▶ THE DATA:
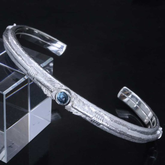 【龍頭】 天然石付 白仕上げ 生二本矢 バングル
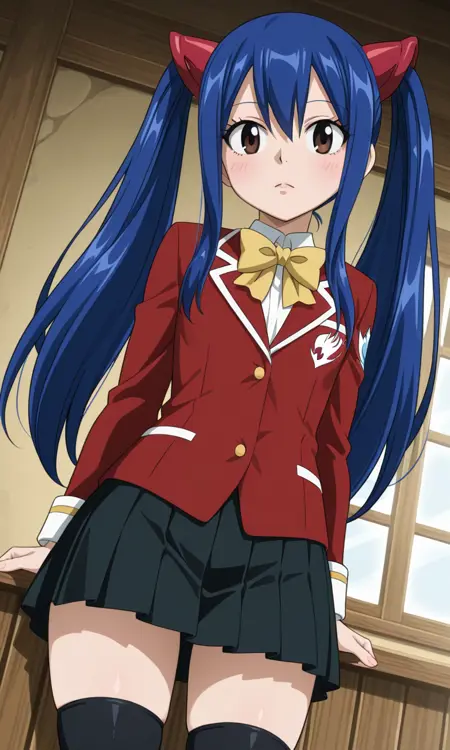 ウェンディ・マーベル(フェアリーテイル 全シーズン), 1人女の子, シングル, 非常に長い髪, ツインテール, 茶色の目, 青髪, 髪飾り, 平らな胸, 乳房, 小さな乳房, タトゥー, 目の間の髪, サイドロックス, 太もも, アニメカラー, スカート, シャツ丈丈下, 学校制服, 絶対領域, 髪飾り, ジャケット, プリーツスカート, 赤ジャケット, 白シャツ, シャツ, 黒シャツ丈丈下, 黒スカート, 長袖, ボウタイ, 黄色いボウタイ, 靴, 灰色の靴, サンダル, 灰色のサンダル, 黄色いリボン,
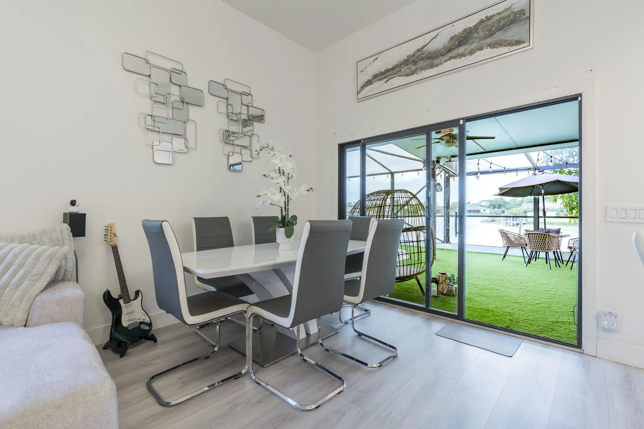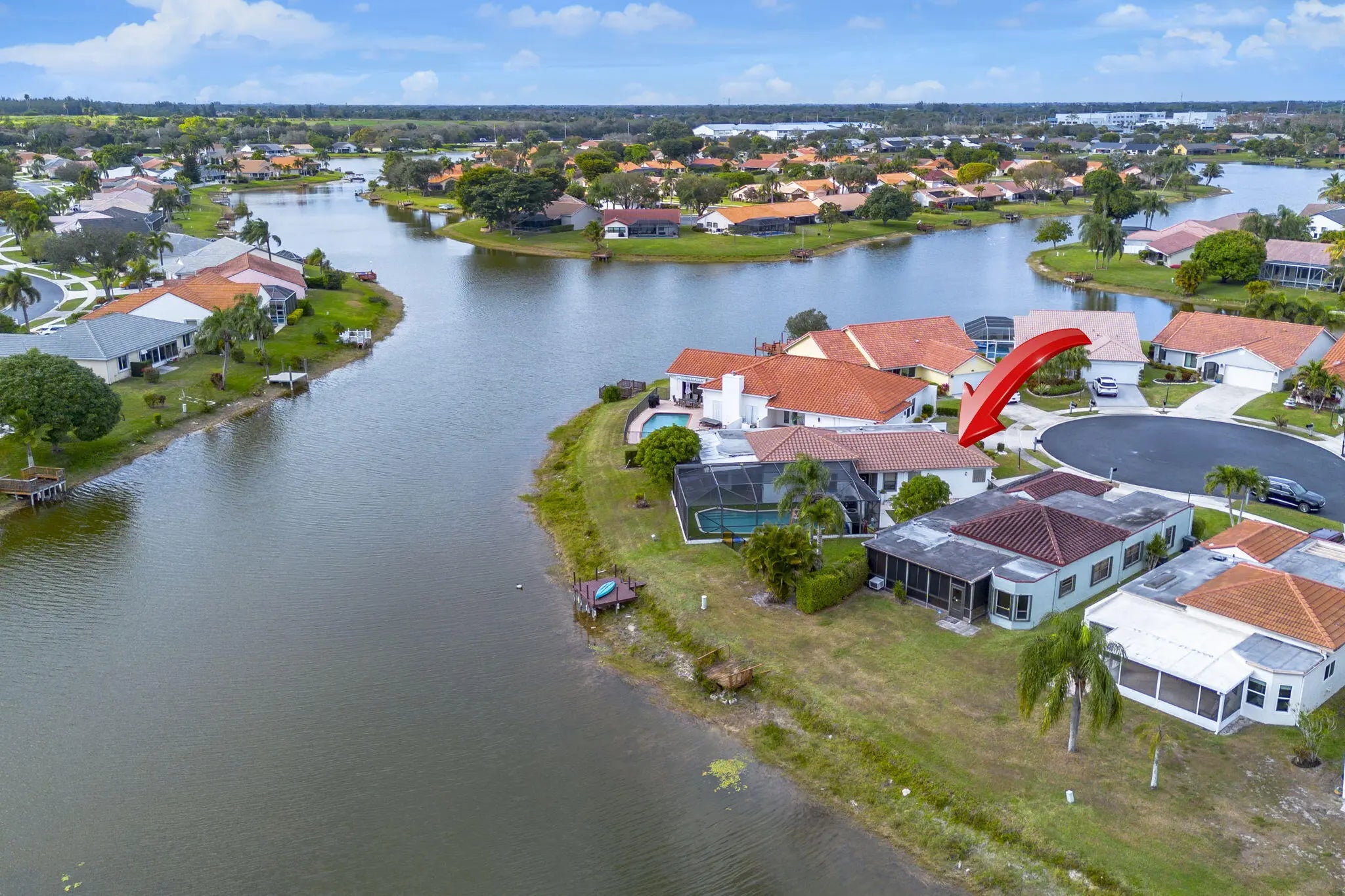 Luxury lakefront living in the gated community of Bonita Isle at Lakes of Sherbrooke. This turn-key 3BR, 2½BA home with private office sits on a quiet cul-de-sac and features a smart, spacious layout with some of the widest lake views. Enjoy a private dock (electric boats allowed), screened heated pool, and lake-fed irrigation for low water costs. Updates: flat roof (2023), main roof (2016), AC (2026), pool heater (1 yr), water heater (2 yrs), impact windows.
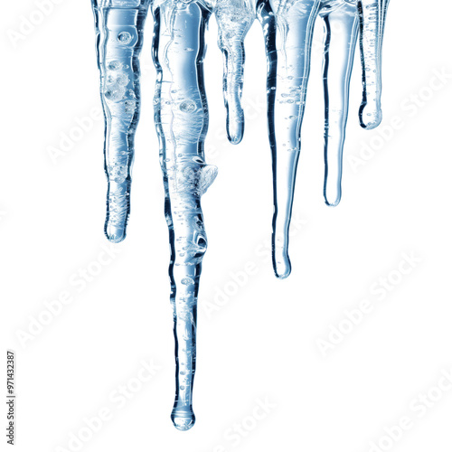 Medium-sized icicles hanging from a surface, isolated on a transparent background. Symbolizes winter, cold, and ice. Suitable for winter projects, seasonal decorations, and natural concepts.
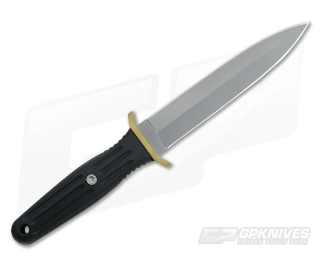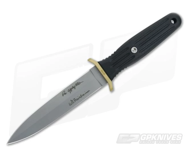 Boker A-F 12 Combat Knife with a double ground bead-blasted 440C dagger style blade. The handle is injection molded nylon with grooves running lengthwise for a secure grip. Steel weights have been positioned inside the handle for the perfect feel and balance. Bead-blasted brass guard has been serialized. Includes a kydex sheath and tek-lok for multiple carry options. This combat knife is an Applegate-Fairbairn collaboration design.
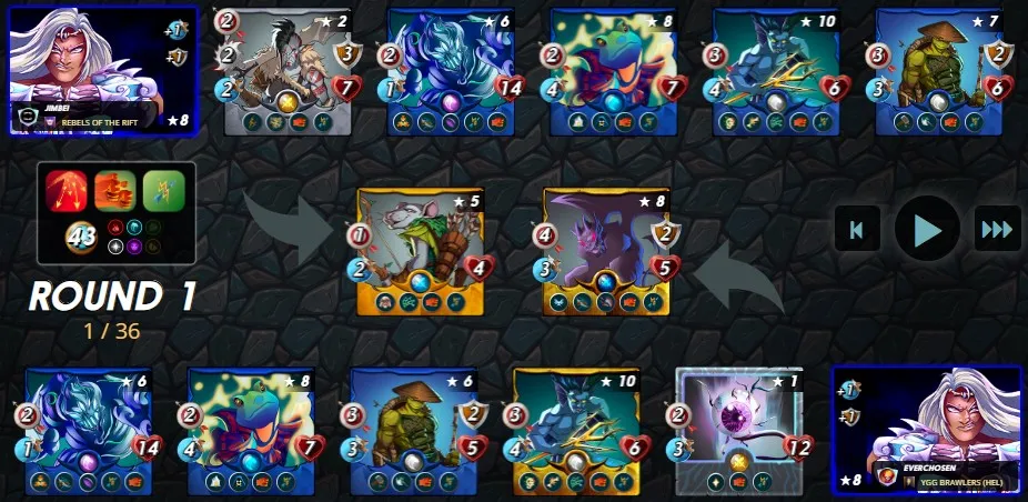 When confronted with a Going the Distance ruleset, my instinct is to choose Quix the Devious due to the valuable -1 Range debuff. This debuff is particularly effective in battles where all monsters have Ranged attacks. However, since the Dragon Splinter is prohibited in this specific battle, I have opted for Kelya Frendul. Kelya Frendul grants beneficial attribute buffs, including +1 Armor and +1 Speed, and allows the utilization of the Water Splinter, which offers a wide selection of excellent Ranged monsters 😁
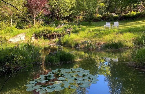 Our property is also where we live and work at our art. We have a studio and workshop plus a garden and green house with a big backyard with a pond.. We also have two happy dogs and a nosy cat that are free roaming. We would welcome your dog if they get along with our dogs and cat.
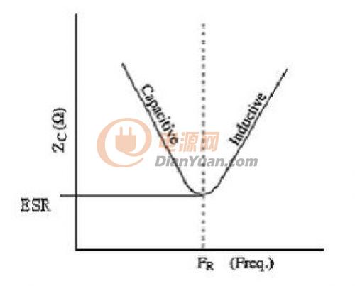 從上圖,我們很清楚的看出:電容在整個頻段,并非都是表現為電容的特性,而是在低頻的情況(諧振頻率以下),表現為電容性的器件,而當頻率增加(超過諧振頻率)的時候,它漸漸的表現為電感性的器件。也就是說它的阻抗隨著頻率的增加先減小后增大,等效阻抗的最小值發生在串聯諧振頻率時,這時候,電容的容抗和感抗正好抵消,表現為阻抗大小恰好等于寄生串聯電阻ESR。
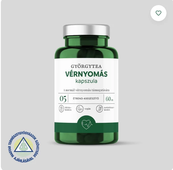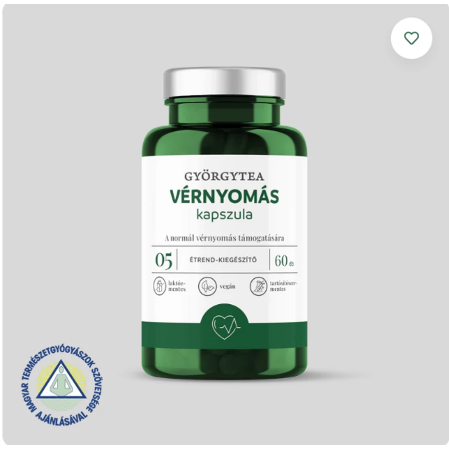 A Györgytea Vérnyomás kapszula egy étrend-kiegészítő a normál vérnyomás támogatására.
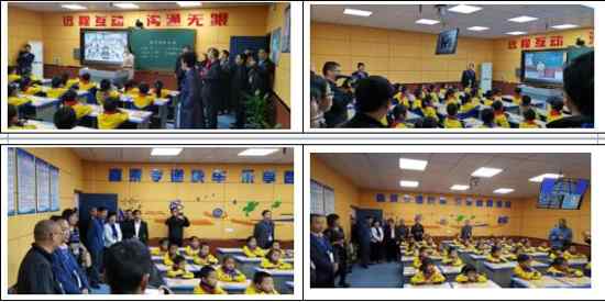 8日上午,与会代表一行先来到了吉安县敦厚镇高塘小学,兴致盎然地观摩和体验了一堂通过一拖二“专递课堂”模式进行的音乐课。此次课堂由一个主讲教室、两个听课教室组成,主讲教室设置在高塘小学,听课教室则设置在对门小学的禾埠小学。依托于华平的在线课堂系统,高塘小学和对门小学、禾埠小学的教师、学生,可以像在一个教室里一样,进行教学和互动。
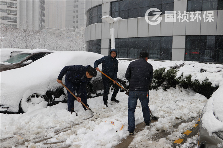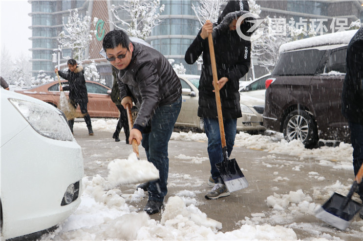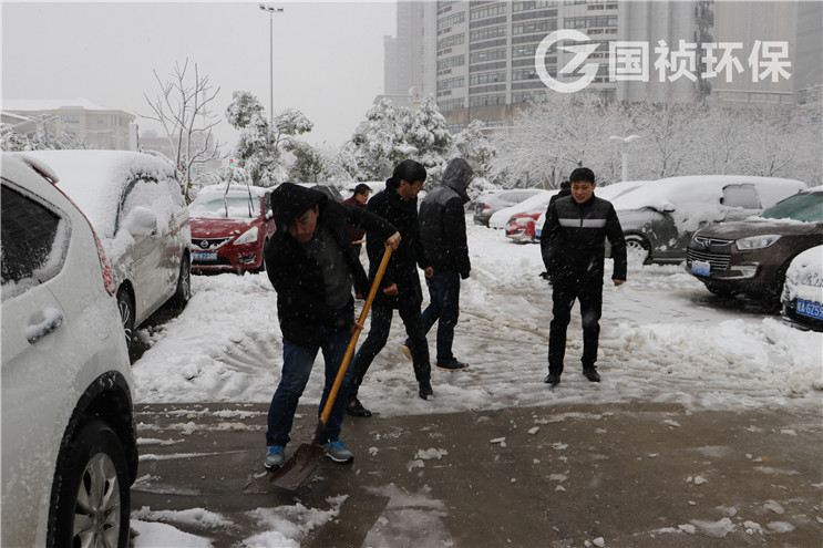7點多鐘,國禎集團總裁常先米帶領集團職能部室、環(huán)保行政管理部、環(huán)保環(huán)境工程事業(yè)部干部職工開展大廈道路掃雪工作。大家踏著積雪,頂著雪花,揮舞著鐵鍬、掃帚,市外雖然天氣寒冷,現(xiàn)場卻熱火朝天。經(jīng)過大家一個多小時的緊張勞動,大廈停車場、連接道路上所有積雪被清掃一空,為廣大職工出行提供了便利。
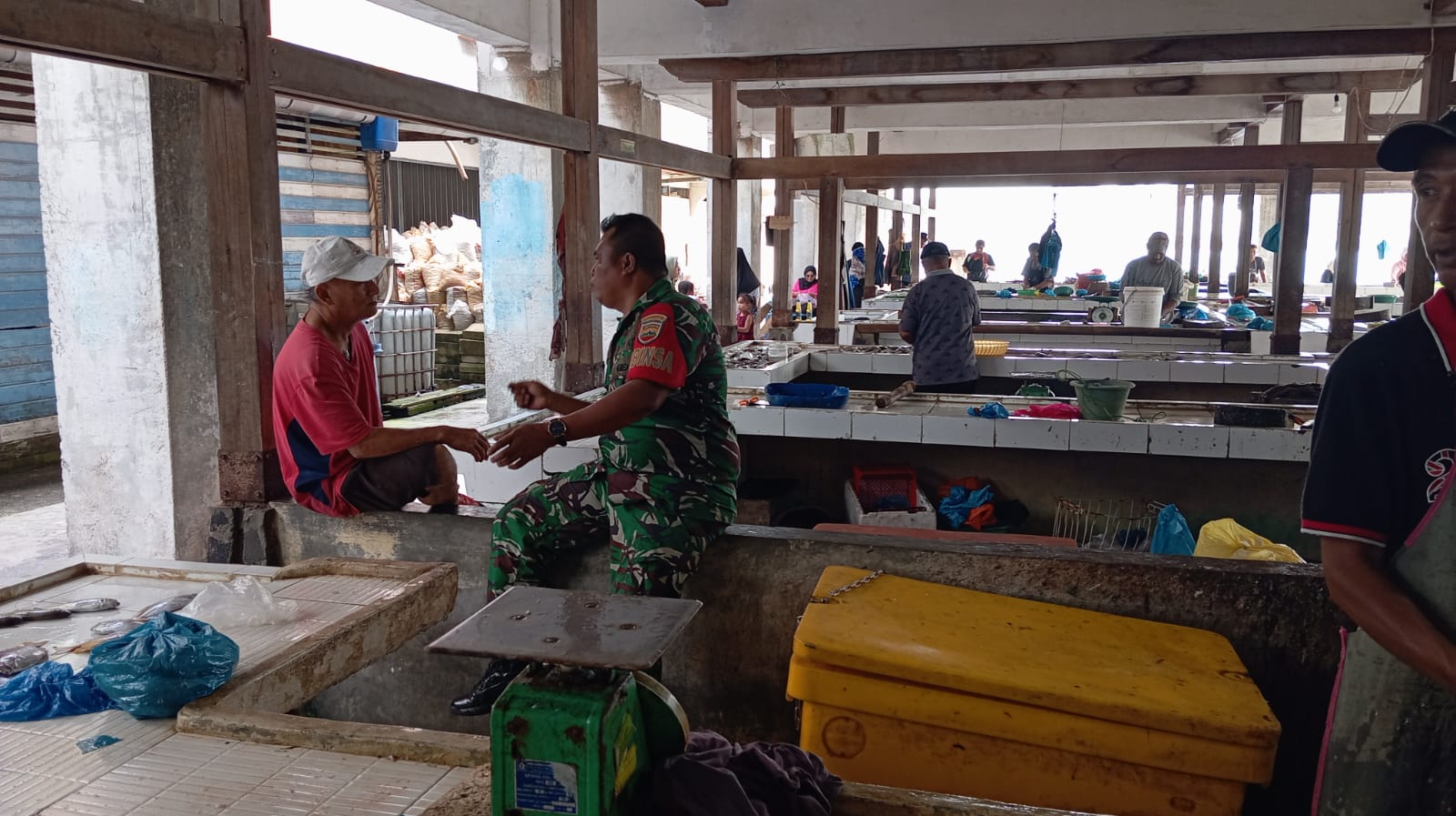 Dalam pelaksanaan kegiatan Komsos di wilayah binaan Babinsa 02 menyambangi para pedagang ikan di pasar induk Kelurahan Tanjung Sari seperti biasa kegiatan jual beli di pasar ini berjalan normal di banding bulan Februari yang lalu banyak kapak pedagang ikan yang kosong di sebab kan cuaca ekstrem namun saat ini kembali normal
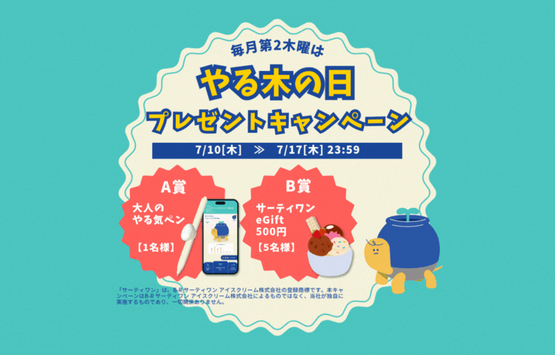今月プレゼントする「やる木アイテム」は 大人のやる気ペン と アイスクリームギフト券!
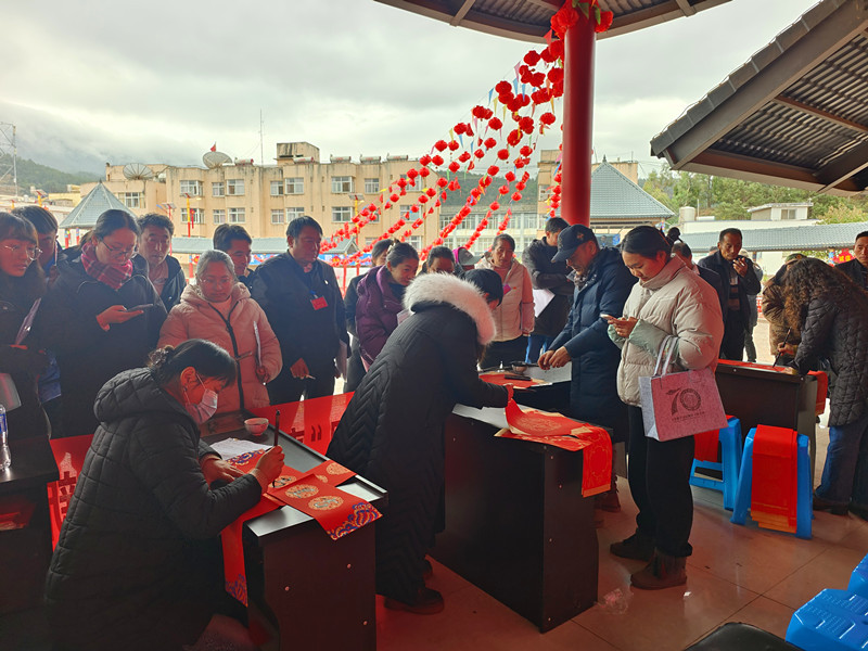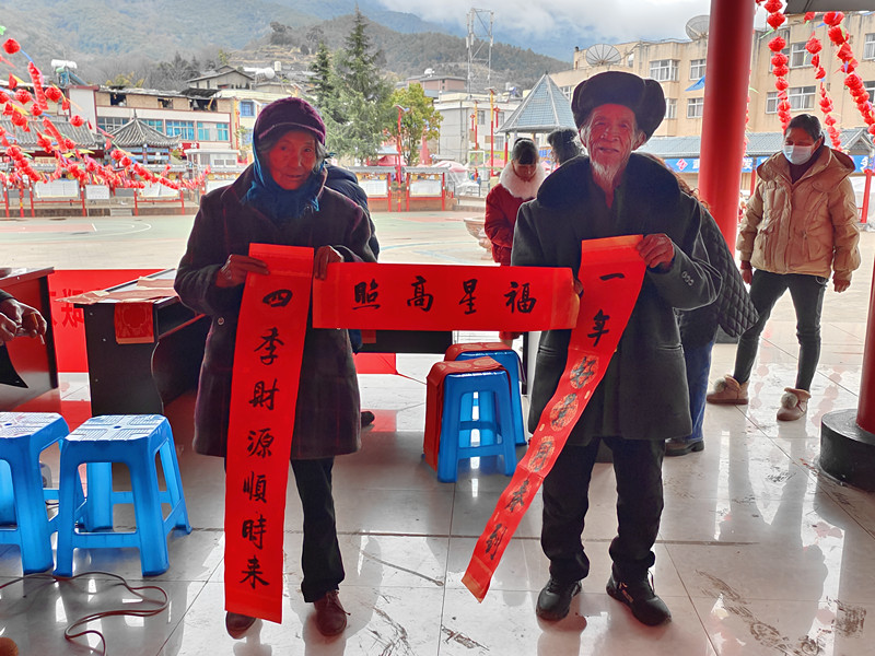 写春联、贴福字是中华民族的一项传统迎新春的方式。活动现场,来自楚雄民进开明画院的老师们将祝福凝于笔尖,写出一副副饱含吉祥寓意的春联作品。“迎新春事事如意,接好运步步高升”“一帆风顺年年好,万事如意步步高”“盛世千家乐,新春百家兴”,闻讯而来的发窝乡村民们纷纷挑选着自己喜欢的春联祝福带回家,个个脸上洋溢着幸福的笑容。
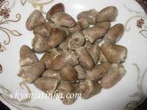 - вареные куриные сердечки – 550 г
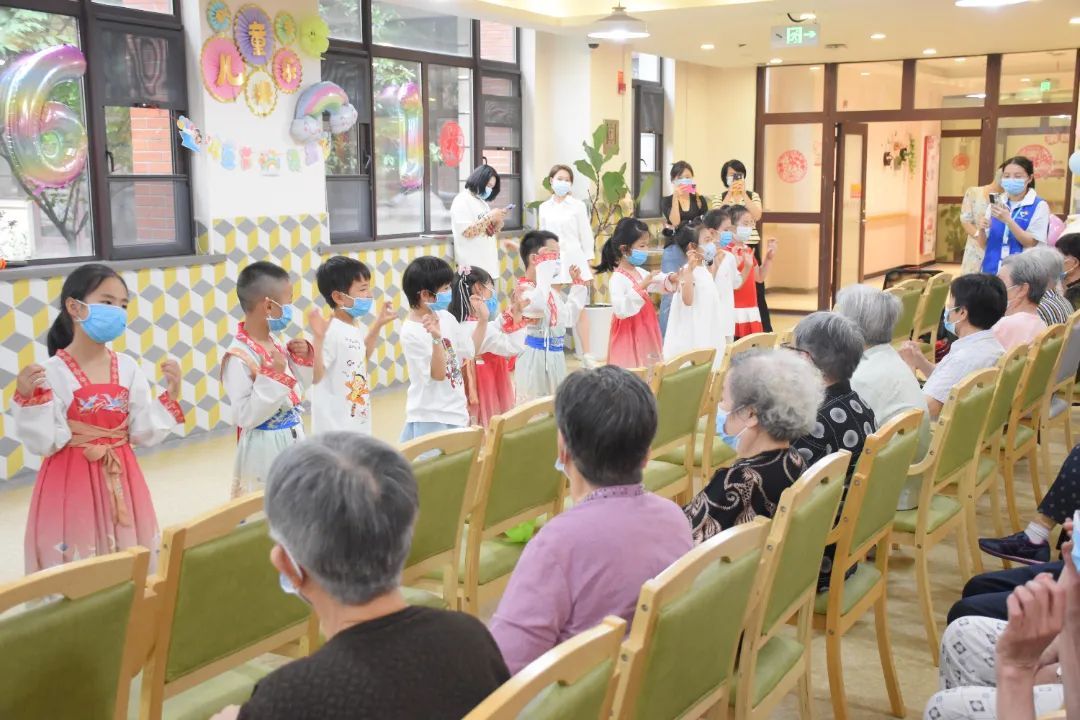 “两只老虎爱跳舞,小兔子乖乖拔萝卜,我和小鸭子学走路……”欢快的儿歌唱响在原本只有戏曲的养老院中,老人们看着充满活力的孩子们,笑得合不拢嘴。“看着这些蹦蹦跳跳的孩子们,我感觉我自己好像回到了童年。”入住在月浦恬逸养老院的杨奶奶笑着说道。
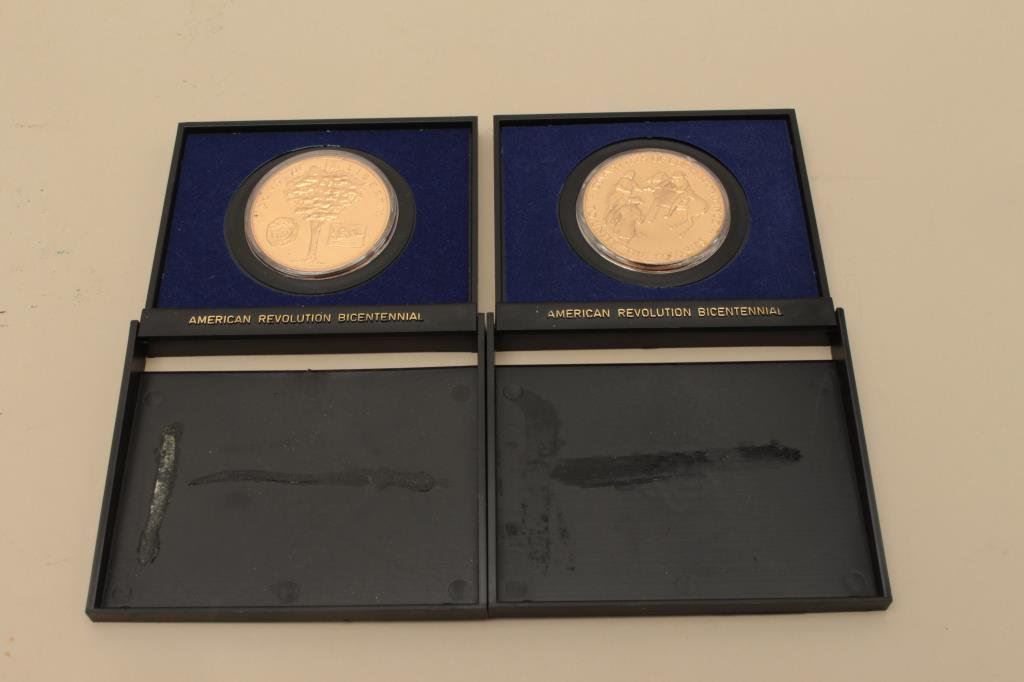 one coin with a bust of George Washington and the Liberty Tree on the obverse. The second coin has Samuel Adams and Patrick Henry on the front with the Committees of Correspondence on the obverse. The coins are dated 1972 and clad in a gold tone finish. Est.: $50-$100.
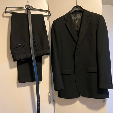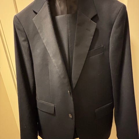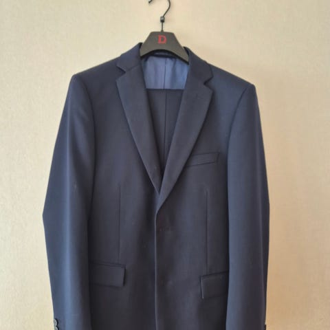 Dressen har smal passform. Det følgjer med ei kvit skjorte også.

▶ ASSIGNMENT:
When you reach the line that has "Medium-sized icicles hanging" in the data above, start repeating lines exactly, and stop after the line that has "When confronted with"; pictures stay out.

▶ FINISHED EXERCISE:
 Medium-sized icicles hanging from a surface, isolated on a transparent background. Symbolizes winter, cold, and ice. Suitable for winter projects, seasonal decorations, and natural concepts.
 Boker A-F 12 Combat Knife with a double ground bead-blasted 440C dagger style blade. The handle is injection molded nylon with grooves running lengthwise for a secure grip. Steel weights have been positioned inside the handle for the perfect feel and balance. Bead-blasted brass guard has been serialized. Includes a kydex sheath and tek-lok for multiple carry options. This combat knife is an Applegate-Fairbairn collaboration design.
 When confronted with a Going the Distance ruleset, my instinct is to choose Quix the Devious due to the valuable -1 Range debuff. This debuff is particularly effective in battles where all monsters have Ranged attacks. However, since the Dragon Splinter is prohibited in this specific battle, I have opted for Kelya Frendul. Kelya Frendul grants beneficial attribute buffs, including +1 Armor and +1 Speed, and allows the utilization of the Water Splinter, which offers a wide selection of excellent Ranged monsters 😁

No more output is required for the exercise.